CHAIR HUGGINS called on Ms. Thompson as the DNR representative.
MS. THOMPSON deferred to Ms. Houle to talk about the technical
work, which was done by PetroTel.
MS. HOULE responded that Jack Hartz, the DNR reservoir engineer
who worked with PetroTel on its study, was out of state. She
suggested that she get back to the committee and have Mr. Hartz
answer any questions.
CHAIR HUGGINS indicated he would let AOGCC and DNR work out any
differences about proprietary information.
2:10:57 PM
CHAIR HUGGINS asked Ms. Thompson whether anything except the
legal proceeding keeps ExxonMobil and PetroTel from conferring
about the $700,000 worth of reservoir information. He gave his
understanding from yesterday that ExxonMobil disagrees with
PetroTel's conclusion to some degree and wants to confer,
thinking PetroTel might agree with its findings in such a case.

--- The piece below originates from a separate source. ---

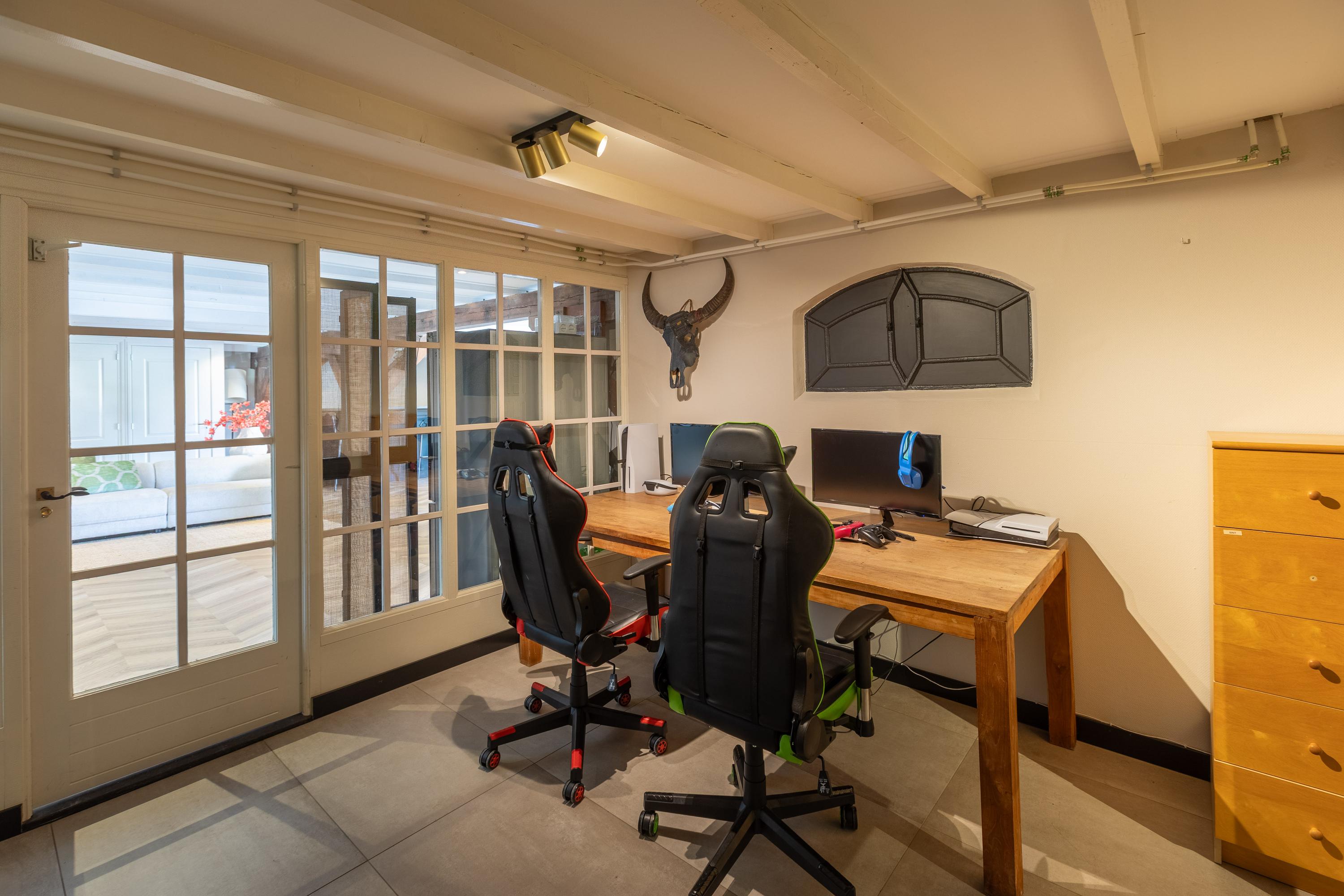 Onder de opkamer bevindt zich de voormalige kaaskelder, tegenwoordig ingericht als sfeervolle thuisbioscoop.

MS. THOMPSON replied she couldn't answer without understanding
the scope of the confidentiality agreement. For instance, she
didn't know whether ExxonMobil was the only party that gave DNR
and AOGCC the data protected by this agreement. Thus she didn't
know whether it was okay for them to confer, since other
parties' interests might be compromised by such a discussion.
CHAIR HUGGINS encouraged facilitating communications about this
key piece of topography when it comes to oil and gas, suggesting
it would benefit Alaskans.
2:12:44 PM
MS. THOMPSON concurred. Responding to comments yesterday by
Chevron and ExxonMobil about how DNR wouldn't speak to them
about the handling of this reservoir, she explained that
discussions with Commissioner Irwin during the pendency of the
remand proceeding were not appropriate. When that was going on,
DNR was under an order from Judge Gleason to consider a specific
legal question; Commissioner Irwin was directed to adjudicate
that question and so acted in the role of a judge. Just as
someone cannot negotiate with a judge when there is ongoing
litigation, it wouldn't have been appropriate for the parties,
individually or as a group, to negotiate with him.
MS. THOMPSON said there has been extensive negotiation over the
history of the unit. When the 22nd POD was reconsidered
repeatedly by the department, for instance, negotiations
extended over a couple of years about what the acceptable POD
would be. The final plan wasn't consistent with that, and the
decision was made to terminate the unit. Thus DNR was put in a
litigation posture by the parties that appealed. So it's not
that DNR is averse to negotiating. When the time is ripe, when
the case is no longer before DNR as an adjudicator, those
discussions may again be appropriate.
2:14:16 PM
CHAIR HUGGINS suggested having Mr. Zager of Chevron address one
of his bullet points about discussions with DNR. First,
however, he invited Mr. Haymes of ExxonMobil to respond to
Dr. Chopra's testimony.
MR. HAYMES read from the last bullet point on Dr. Chopra's first
slide, which said:
- Conclusion: The type and amount of reservoir data
is sufficient to develop a Full Field Plan of
Development for oil and gas development at the Point
Thomson Field.
MR. HAYMES responded that it depends on the POD. For gas sales
development, it is correct that there is enough information to
move into that with relatively low risk; when straws are put
into that high-pressure reservoir, regardless of the
discontinuity, baffles, or quality differences, it will drain
the gas. The gas is extremely mobile, and with that high
pressure, it will eventually migrate to the wells.
MR. HAYMES added, however, that for development of cycling or a
very thin, discontinuous, heavy oil column, there isn't enough
information to bring forward a full field POD. Thus this POD
recognizes there isn't enough information, and it focuses on
learning more for cycling and more about the oil rim,
potentially delineating and producing that.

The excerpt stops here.